Dore began work on the Casper assessment in 2005, alongside McMaster Oncology Professor Harold Reiter, at the request of McMaster University’s medical program, which was struggling to glean the insights it wanted from personal statements as it sought applicants who were not only smart, but showed the potential to have good bedside manner.
“They were having the problem of they were being written by other people, they didn’t actually predict anything and they took an enormous amount of time to read,” Dore said.
Even before the recent wave of generative AI tools, she said, many institutions have struggled to accurately measure students’ soft skills through examination of personal statements and reference letters, in part because they’re often drafted by groups of people, like applicants’ family and friends, and don’t provide an accurate reflection of an applicant’s character.

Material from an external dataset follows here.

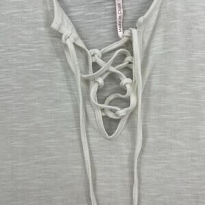 Poof Tank Top Shirt Womens Medium White Lace Up V Neck Sleeveless Lightweight

In addition to focusing on real-time reactions, as opposed to allowing applicants weeks to craft the ideal persona, Casper also markets itself as a standardized measurement designed to reduce some of the biases found in assessment of letters, such as a tendency to favor privileged students with larger social networks who have greater access to prominent people who can recommend them.
One meta-analysis published in 2014 by the International Journal of Selection and Assessment showed that letters of recommendation have a weakly positive correlation with performance in higher education, though direct connections to soft skills are less clear. An ongoing study aims to measure Casper’s ability to predict nursing student performance.
But whatever assessment tools schools use, AI isn’t going away, Dore pointed out, and many believe demand for soft skills will likewise grow as computers become more competent at a growing number of technical tasks.
“I think [soft skills] are only going to become more important with AI,” she said. “I think it fundamentally changes what we need to focus on when we’re educating students, what we’re preparing them for in the workforce going forward. All of those things are shifting with AI.”